Synopsis: 3.2.0-68.102 can now be patched using Ksplice
CVEs: CVE-2014-3917 CVE-2014-4171 CVE-2014-4508 CVE-2014-4652 CVE-2014-4653 CVE-2014-4654 CVE-2014-4655 CVE-2014-4656 CVE-2014-4667 CVE-2014-5077

Systems running Ubuntu 12.04 Precise can now use Ksplice to patch
against the latest Ubuntu kernel update, 3.2.0-68.102.

INSTALLING THE UPDATES

We recommend that all users of Ksplice Uptrack on Ubuntu 12.04 Precise
install these updates.

On systems that have "autoinstall = yes" in /etc/uptrack/uptrack.conf,
these updates will be installed automatically and you do not need to
take any action.

Alternatively, you can install these updates by running:

# /usr/sbin/uptrack-upgrade -y


DESCRIPTION

* Out-of-bounds memory access in high memory mappings.
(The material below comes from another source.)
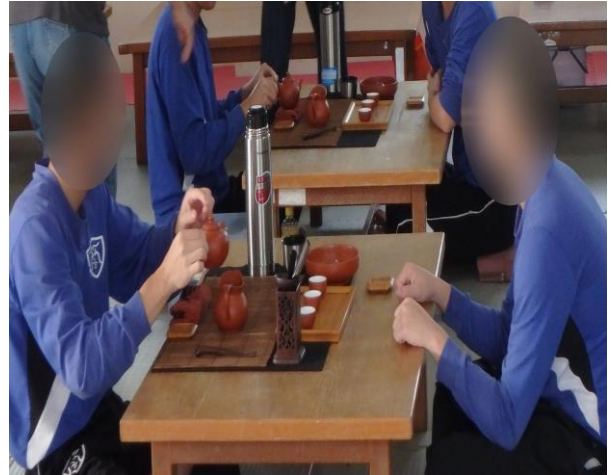
▲少年沏茶實際操作

Under specific conditions high memory mappings could result in accessing
beyond the end of a mapping resulting in dereferencing an invalid
address and crashing the system.


* Use-after-free in InfiniBand SCSI RDMA Protocol when unplugging a cable.

As a result of unplugging a cable, a SCSI command could be free while still
in use, resulting in a use-after-free and kernel panic. An attacker with
physical access could use this flaw to cause a denial-of-service.


* Denial-of-service in EXT4 block allocation.

Incorrect validation of request sizes could result in hitting a kernel
assertion and crashing the system.  A local, privileged user could use
this flaw to crash the system with a carefully crafted filesystem image.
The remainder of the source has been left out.